#### Information given
========================

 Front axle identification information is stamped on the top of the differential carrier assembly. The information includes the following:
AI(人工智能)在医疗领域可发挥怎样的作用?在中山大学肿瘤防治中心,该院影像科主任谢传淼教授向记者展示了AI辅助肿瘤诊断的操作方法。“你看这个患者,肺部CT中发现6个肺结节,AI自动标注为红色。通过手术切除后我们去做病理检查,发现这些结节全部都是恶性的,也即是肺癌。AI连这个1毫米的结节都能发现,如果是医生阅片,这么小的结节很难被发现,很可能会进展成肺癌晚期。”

========================

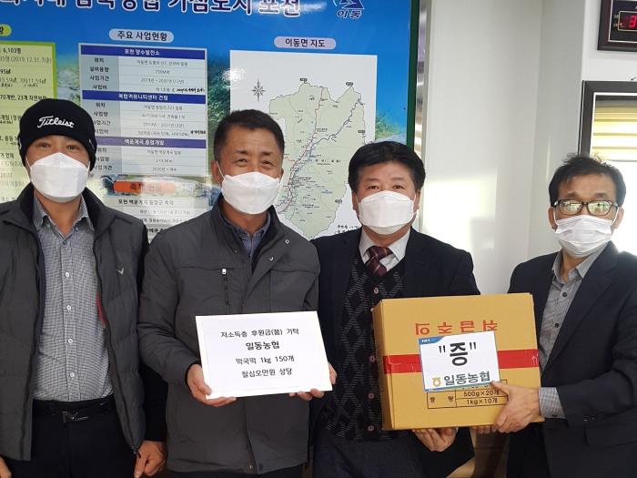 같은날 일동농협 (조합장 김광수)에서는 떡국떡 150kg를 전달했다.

========================

#### Problem requirements
In the records above, find the line with "Front axle identification"; write out exactly that line and each one after it, stopping after the line with "AI(人工智能)在医疗领域可".

#### Response area
 Front axle identification information is stamped on the top of the differential carrier assembly. The information includes the following:
AI(人工智能)在医疗领域可发挥怎样的作用?在中山大学肿瘤防治中心,该院影像科主任谢传淼教授向记者展示了AI辅助肿瘤诊断的操作方法。“你看这个患者,肺部CT中发现6个肺结节,AI自动标注为红色。通过手术切除后我们去做病理检查,发现这些结节全部都是恶性的,也即是肺癌。AI连这个1毫米的结节都能发现,如果是医生阅片,这么小的结节很难被发现,很可能会进展成肺癌晚期。”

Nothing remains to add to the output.